RFR: 8069367: assert(_nextMarkBitMap->isMarked((HeapWord*) obj)) failed

Thu Mar 12 21:12:32 UTC 2015

On Mar 12, 2015, at 4:32 AM, Bengt Rutisson <bengt.rutisson at oracle.com> wrote:
> 
> 
> Hi Kim and Thomas,
> 
> On 2015-03-11 22:16, Kim Barrett wrote:
>> Here’s the new webrev:
>> 
>> Full:
>> http://cr.openjdk.java.net/~kbarrett/8069367/webrev.01/
>> 
>> Incremental:
>> http://cr.openjdk.java.net/~kbarrett/8069367/webrev.01.incr/
>> 
>> I haven’t done a full Aurora performance run with this new version, but the synthetic benchmark
>> Thomas gave me isn’t showing any degradation.  (In fact, once again today, the new version
>> is running a tiny bit faster on that benchmark, e.g. the real difference is pretty much in the noise.)
> 
> I've been thinking a bit about the approach to solve the mark issue and I have to admit that I don't really have a good feeling about how this is currently solved. The eager reclamation knowledge is leaked in to a lot of places and we don't have any explicit way of checking what has actuallly happened.
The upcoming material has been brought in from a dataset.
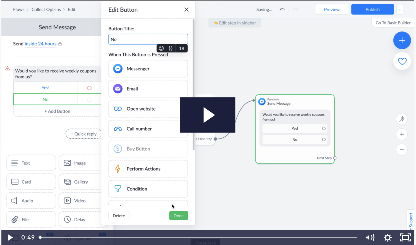 Zbieranie zgody i tworzenie tematów można łatwo wykonać podczas budowania automatyzacji za pomocą Flow Builder. Aby to zrobić:

All we can do is guess that it was eager reclamation that caused things to look in unexpected ways. To me this is very fragile an might even hide other real problems that cause similar symptoms.
> 
> Can we find some other way of handling this more explicitly?

I have a somewhat similar reaction.  One thing to keep in mind is that
we probably want to backport a fix for this to 8u60.

> One thought I had was if we can note the fact that we push a humongous object on to a mark stack. Then the young GC can just check if any mark stack contains a humongous object and in that case either skip reclaiming that object or go and fix the mark stack after it has been reclaimed.

That's easy to say, but I think not so easy to do in an acceptable
way. A key point is that we don't want to increase pause times to deal
with this. Simply looking through the mark stacks (global and
CMTask-local) as part of reclaiming a humongous object probably
doesn't cut it.

Thomas and I've spent some time talking about alternatives.

Thomas suggested splitting up the currently single global mark stack
to be per-region.  That would allow easily discarding the associated
(at most one) mark stack entry when eagerly reclaiming a humongous
object.  It might have other locality benefits too.

That would still leave the CMTask-local entries to deal with.  Those
might be addressed by purging them at CMTask abort time, transferring
their contents back to the global mark stack(s).  That introduces some
additional delay and possibly lock contention to that abort process,
and some startup cost to pull data back in when the task is continued.

Rather than purging at abort, we could filter the CMTask-local entries
at continuation.  That would require some care to deal with one task
attempting to steal entries from another that hasn't completed the
filtering process.  However, anothing along this line still requires a
filtering predicate, e.g. is_stale_humongous_marked_entry.

This is the sort of thing I was talking about when I referred to
alternatives "being complicated".

Segregating (potentially reclaimable) humongous objects from others in
the mark stack (in order to limit the mark stack cleanup work) will
add overhead to the marking process too.

We could try to make is_stale_humongous_marked_entry less heuristic.
Perhaps a bit per region; all clear at the start of a concurrent
marking cycle. When eagerly reclaiming a humongous object, set the bit
for the start region. Filter by testing the bit. (Actual
implementation might be a byte, to avoid additional bit manipulation
overhead.) This could be done independently of any changes related to
the mark stacks.  The answer *should* be the same either way, but a
more direct mechanism might better survive future changes.